Data section START
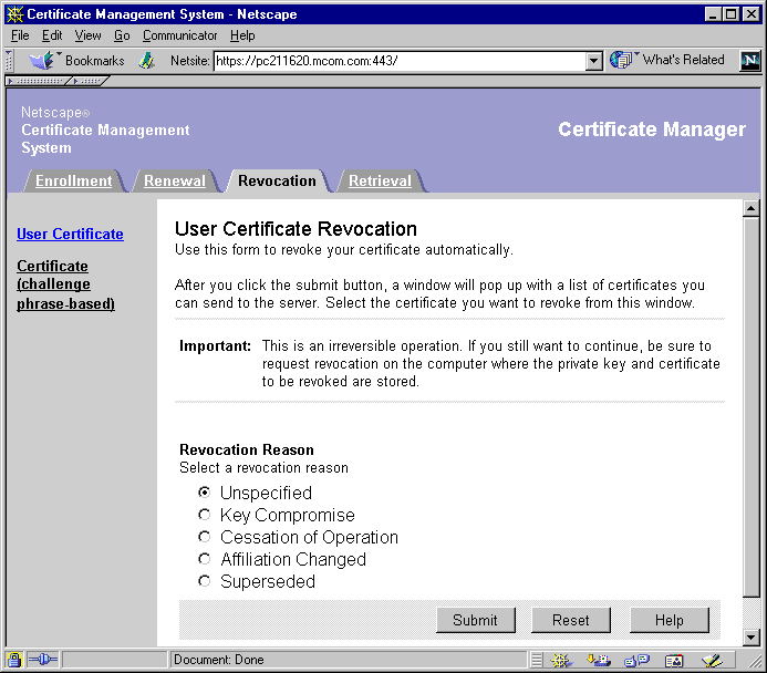 Forms for both methods are available through the End Entity Services interface (HTTPS only) of the Certificate Manager and Registration Manager; see "Certificate Revocation Forms".
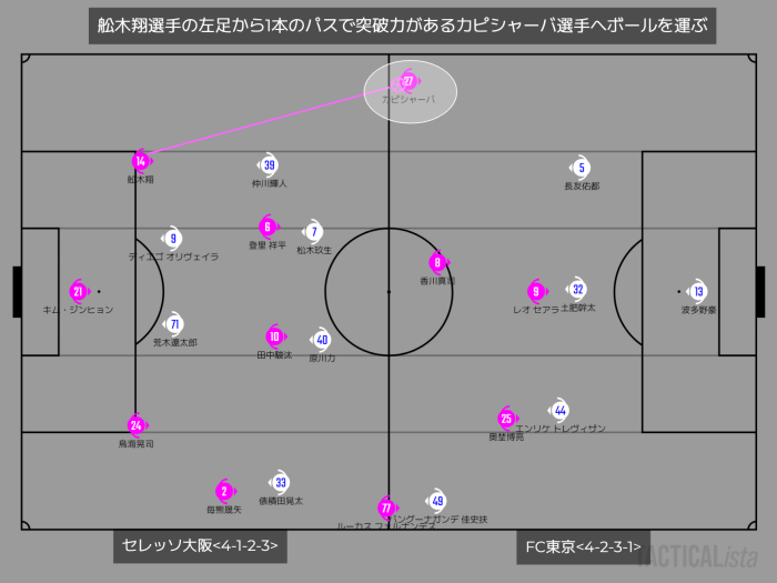 また、登り里選手がIHに位置することで、舩木翔選手の左足から1本のパスで突破力があるカピシャーバ選手へボールを運ぶことができるようにデザインされていた。
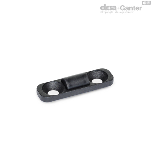 In terms of their dimensions, limit stops GN 2374 have been designed as extras for the GN 237 and GN 337 family of hinges. They can also be bolt-attached when mounting the hinge, with an elastomer element limiting the angle of rotation to the value w.
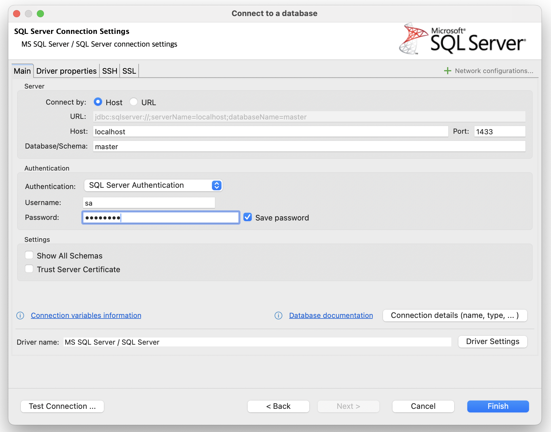Test Connection ... 클릭
Data section END
Once the line containing "また、登り里選手がIHに位置" is found, write it out exactly along with every line after it through the end of the listing, excluding pictures.

Expected answer:
 また、登り里選手がIHに位置することで、舩木翔選手の左足から1本のパスで突破力があるカピシャーバ選手へボールを運ぶことができるようにデザインされていた。
 In terms of their dimensions, limit stops GN 2374 have been designed as extras for the GN 237 and GN 337 family of hinges. They can also be bolt-attached when mounting the hinge, with an elastomer element limiting the angle of rotation to the value w.
Test Connection ... 클릭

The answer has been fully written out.